Additionally, Drupal 7 now sends correct cache headers for reverse proxies, and avoids creating anonymous user sessions until explicitly requested. These changes allow for much easier integration with reverse caching proxies and CDNs for cached pages, allowing these requests to avoid hitting PHP altogether. Even without a caching proxy, if you’re using memcache as a cache backend, you can speed up cached page delivery by using the ‘page_cache_without_database’ feature. See settings.php for the gory details.
Files and front end
Alongside swapping out SQL, Drupal 7 also allows you to swap out your local filesystem much easier, both for saving and serving files. Core file handling now uses PHP stream wrappers, meaning any file storage method supported by a stream wrapper can be used for file operations. Support already exists for Amazon S3 and the PHP hash wrapper in contributed modules. CDN support also got easier, with the CDN project providing drop-in support from contrib.
So is it faster?
During the Drupal 7 release cycle, we performed benchmarks and profiling between stock installs of Drupal 6 and Drupal 7. On very simple pages, such as viewing a node with a few comments, the answer is often a resounding no - raw Drupal 7 performance in terms of the CPU and memory required to generate a simple page is often worse than Drupal 6.
This is the main trade-off for additional features, abstraction and flexibility - the processing involved in rendering an article and some comments gets more complex and slower. There’s been no such degradation in the baseline performance of cached pages though.

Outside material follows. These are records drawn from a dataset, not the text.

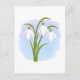 Snowdrops - Spring Flowers on Watercolor Blue Postcard
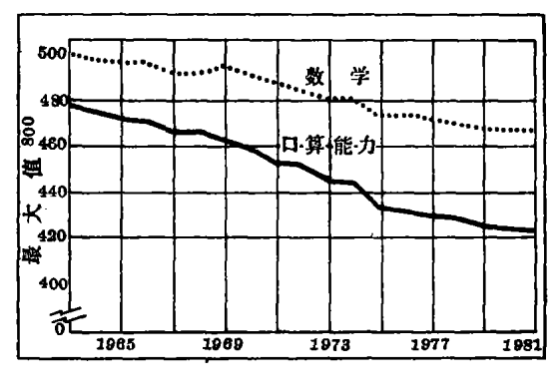 近年来美国大学所招生的新生的平均能力已经下降——这也许是增加了女学生和少数民族学生的原因。那些完成中学学业的学生中掌握微积分课程的低于百分之三十,完成中学物理课程的学生不到百分之二十五。而——真正危险——日本的学生超过美国和欧洲的同一程度的学生。美国人还担忧苏联制定的普及和强化自然科学的计划。
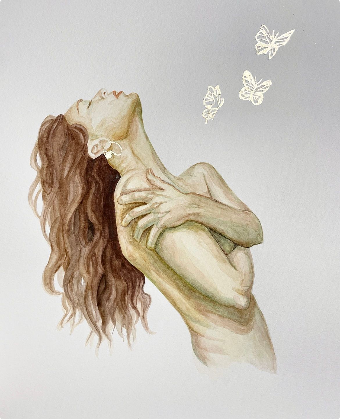 Watercolor & gold leaves on paper
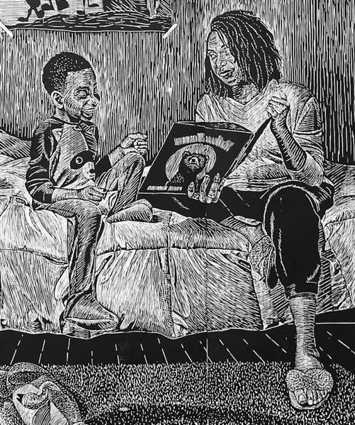 Saturday, Mar. 16, join Harvard Art Museums in the galleries of the special exhibition "LaToya M. Hobbs: It’s Time" for a half-hour of stories read by a youth librarian from the Cambridge Public Library! All ages are welcome. This exhibition (on view through July 21) features LaToya M. Hobbs’s life-size suite of woodcuts titled "Carving Out Time." Unfolding over five scenes, the prints depict one day in Hobbs’s life with her family, including story time before bed.
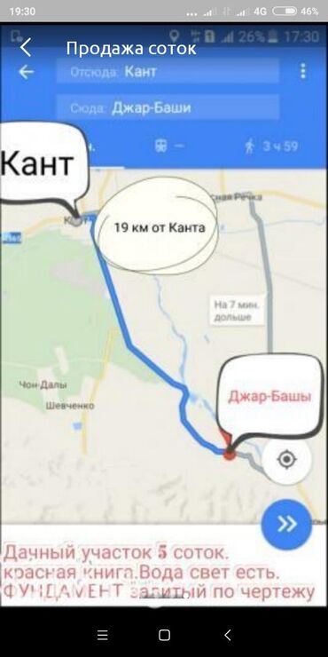 Продается ДАЧНЫЙ участок для стрительсва! Без посредников! Красная книга имеется! 5 соток. Участок находится в районе Джар-Баши, 19 км от Канта вверх ! Имеется питьевая вода, электричество, и фундамент, залитый по чертежу. Свежий чистый воздух. Рядом есть школа, и не большое озеро для отдыха Могу видео на вотсап скинуть если интересно. цена окончательная! Наличкой не пугать!!!! На обмен дороже ! 12 500. Есть вариант обмен на авто только на газе или гибрид !!!! Пишите звоните на вотсап.
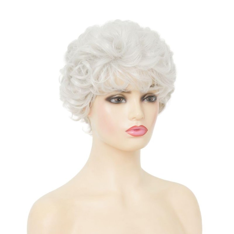 Dai Cloud White Short Wigs Womens Curly Wig with Bangs Old Women Pixie Cut Hair Wig for Cosplay Daily Use
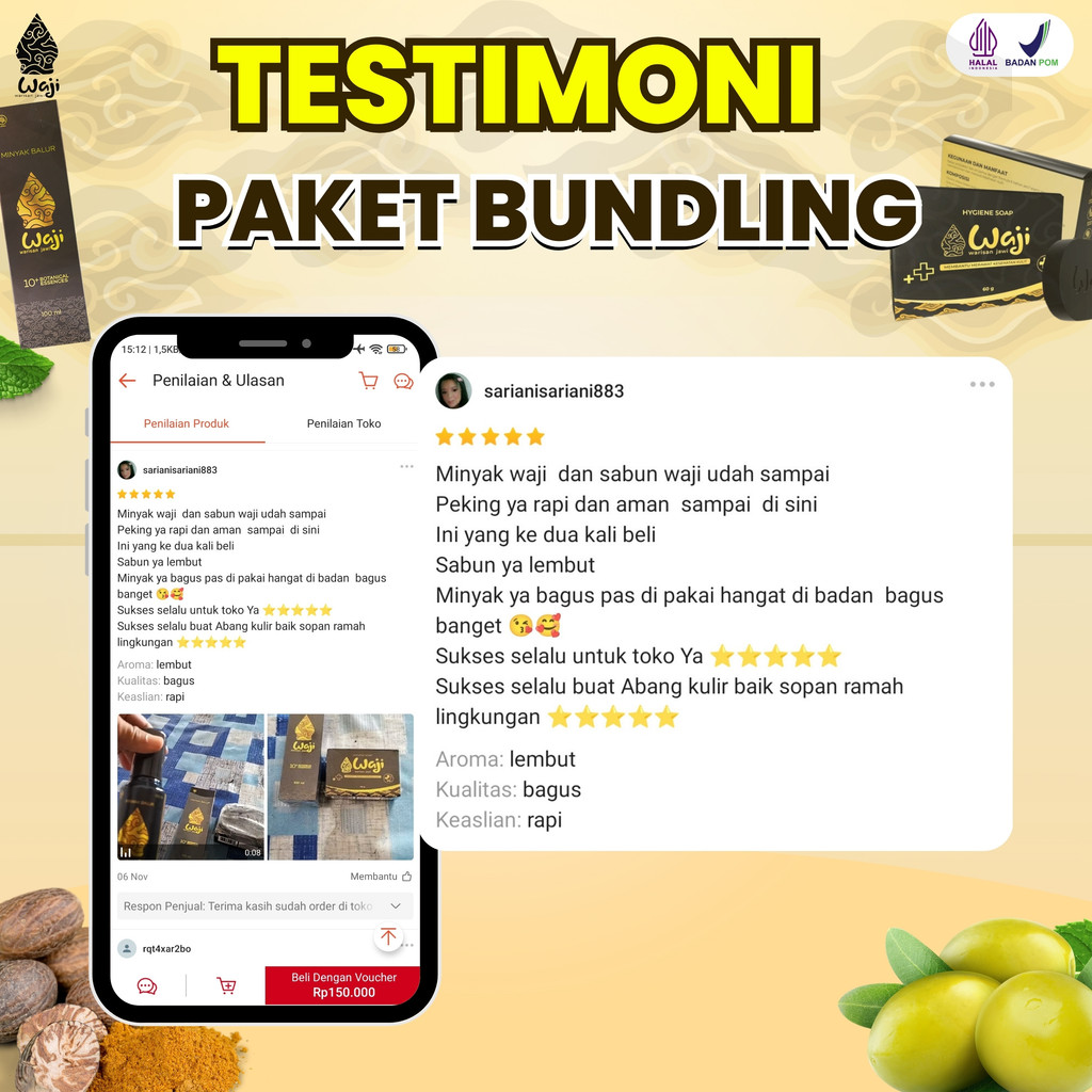 Waji 1 Minyak Waji & 2 Sabun Waji Antibakteri Obat Herbal Atasi Gatal Masalah Kulit Kusam Eksim Ruam Biduran Kudis
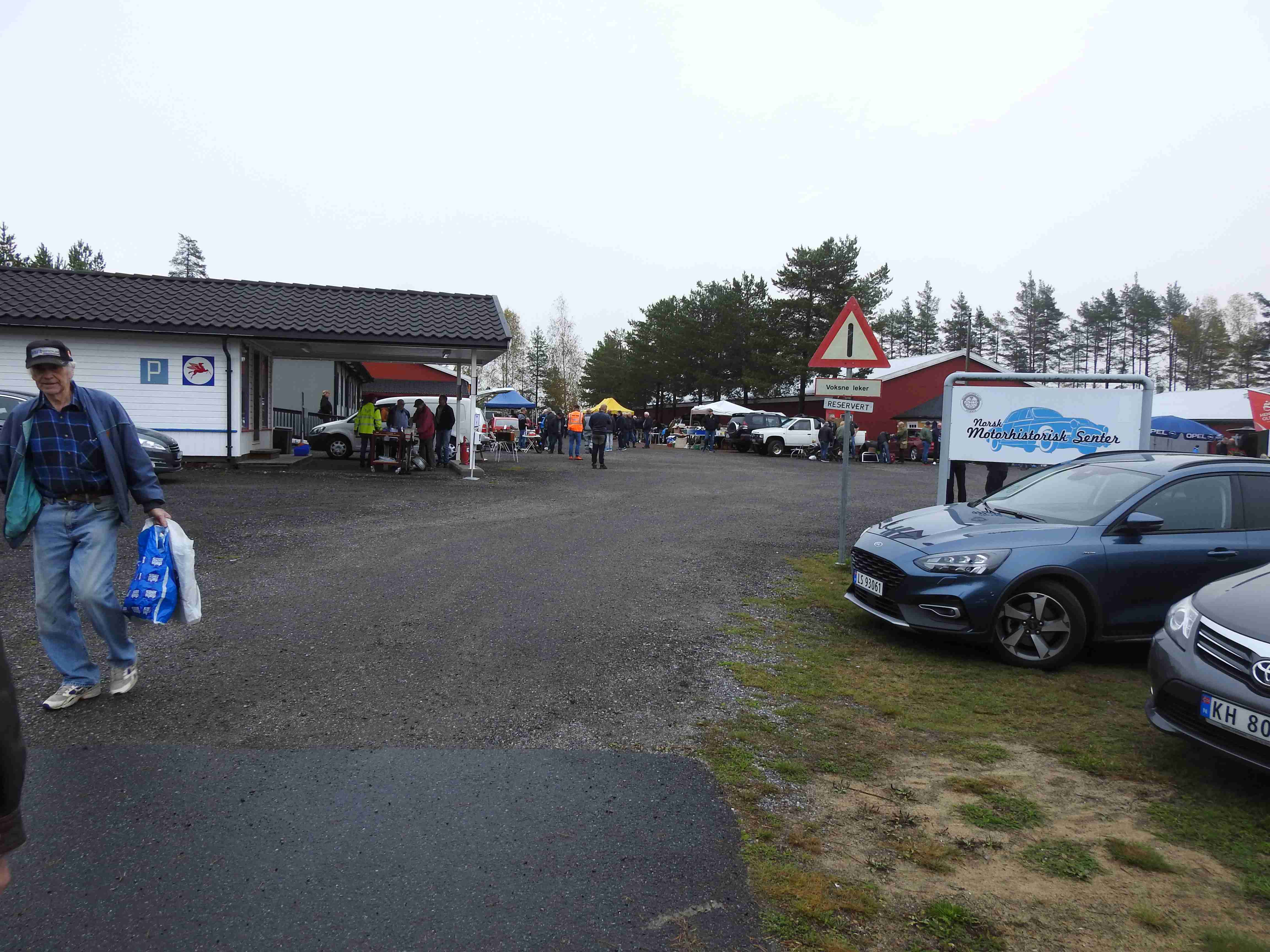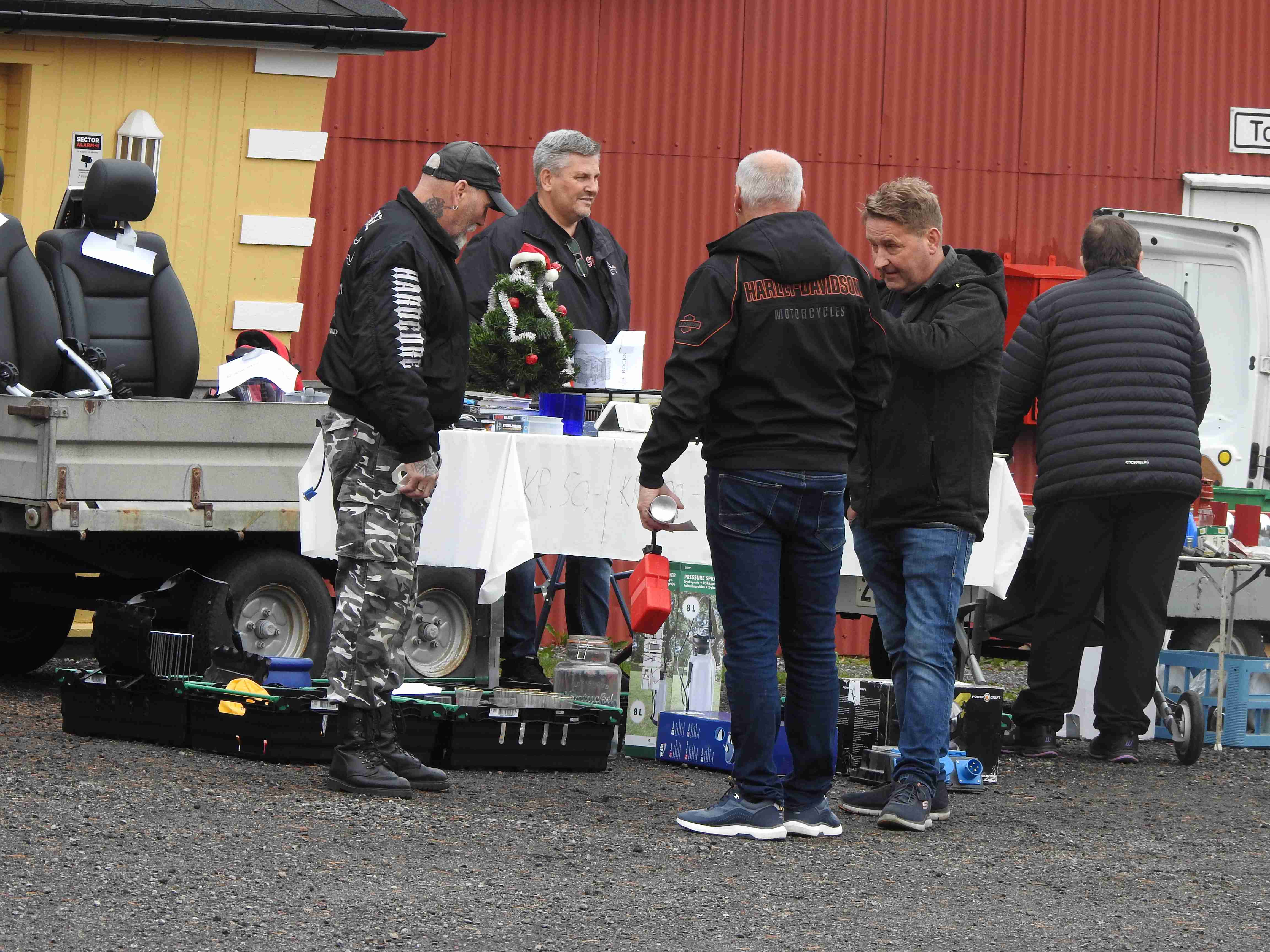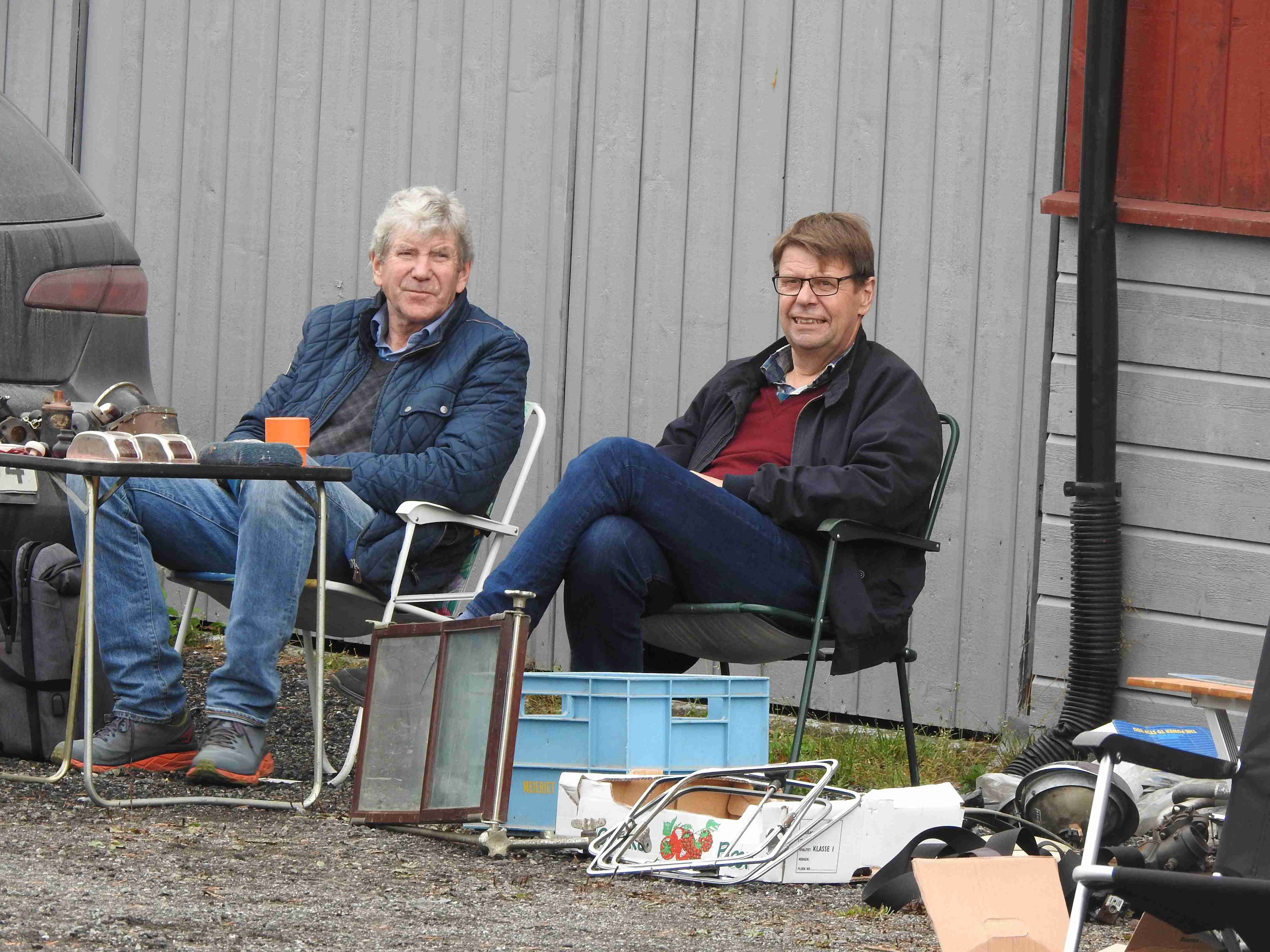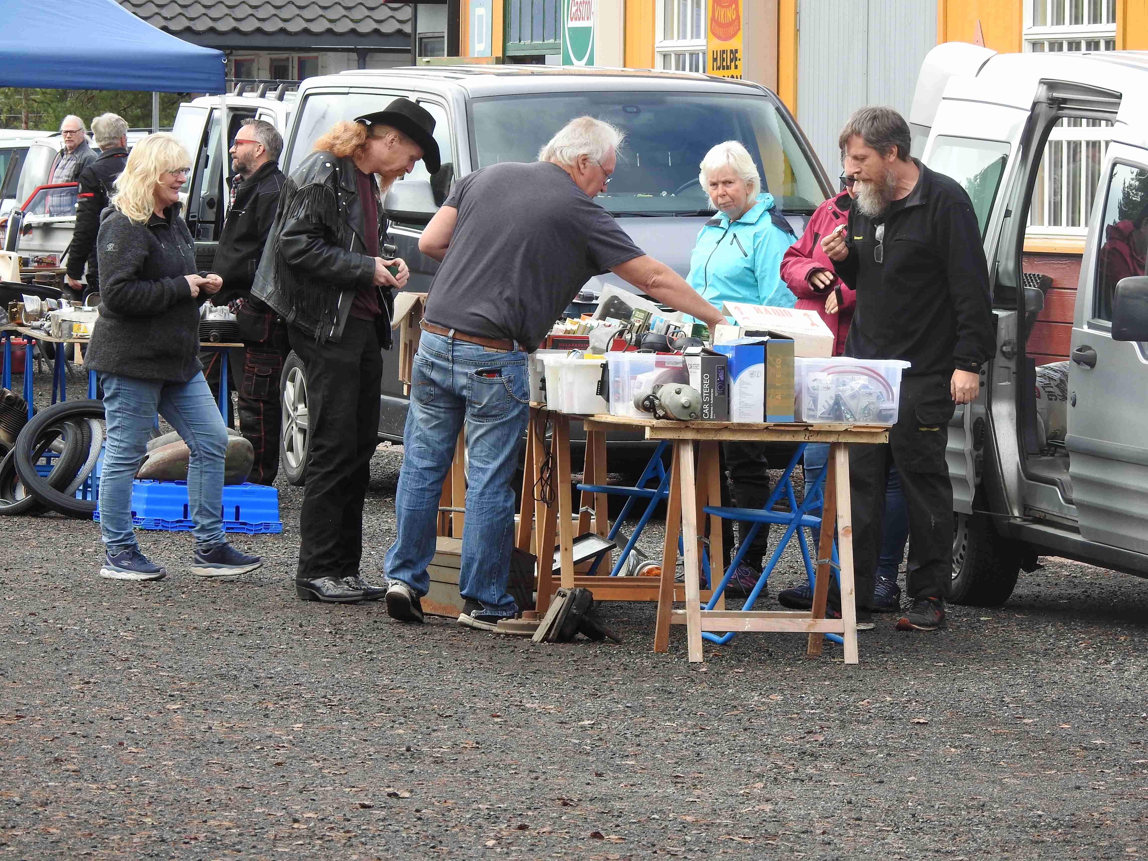 Allerede før tusmørket forsvant på denne litt disige morgenen innfant noen selgere seg. De kom i rykk og napp og uautorisert telling forteller at man hadde 42 forskjellige salgssteder innenfor portene. Som alltid er det moro å rusle rundt og kikke på hva folk har å tilby. Og tenke i sitt indre at gubbavarra så heldig en er som ikke har så mye drit. Eller gull. Det kommer an på ståsted og behov om det er det ene eller andre. Drit og møkk for noen er gull og edelstener for andre. Det kunne meldes om at handelen gikk relativt livlig hos noen, tregt hos andre. Med andre ord slik det alltid er. Hyggelig for alle var det at den store parkeringsplassen var særdeles godt benyttet.

Additionally, by the time a site has several contrib modules and has been set up to serve pages to real people, it’s likely that in many cases it will perform better in Drupal 7. This means the real answer is “it depends”.
Looking forward to Drupal 8
While many subsystems were overhauled in Drupal 7, several were left broadly the same as Drupal 6, for example the bootstrap, module and theme systems. There is also plenty of work that wasn’t fully completed before the Drupal 7 code freeze, such as the Entity API and the conversion of core storage to Fields.
As with all major releases, Drupal 8 offers the opportunity to build on the work done in Drupal 7 and while it is hard to predict what will happen during a core release cycle, two targets have already been identified.
Memory usage from global site caches for modules, themes, schema and fields still grow linearly the more modules, database tables or fields you add. The amount of code loaded when running lots of modules on hosting without a PHP opcode cache also increases memory and CPU usage. While some great fixes made it into Drupal 7 for these issues, many remain largely the same despite some valiant attempts to fix them.
More unfinished business is the request routing system. Drupal 7 began the process of supporting different rendering pipelines, but there is still code such as RSS feeds and image generation that executes a page callback, then prints and exits the request half way through to avoid the actual page rendering process kicking in. Drupal is increasingly used to serve requests that don’t want a fully rendered HTML page, but our core mechanisms for serving these haven’t caught up yet.
Drupal 8 offers several opportunities to improve this. Both to understand our memory footprint better via the use of tools such as XHProf - which was open sourced only a few months before the Drupal 7 code freeze - and to re-factor the bootstrap system to allow Drupal to serve requests such as image generation or ESI callbacks without invoking the overhead of a full page request. Work hasn’t officially begun at time of writing, but there are plenty of plans around in the Drupal 8 issue queue, or groups.drupal.org/butler for those who are interested.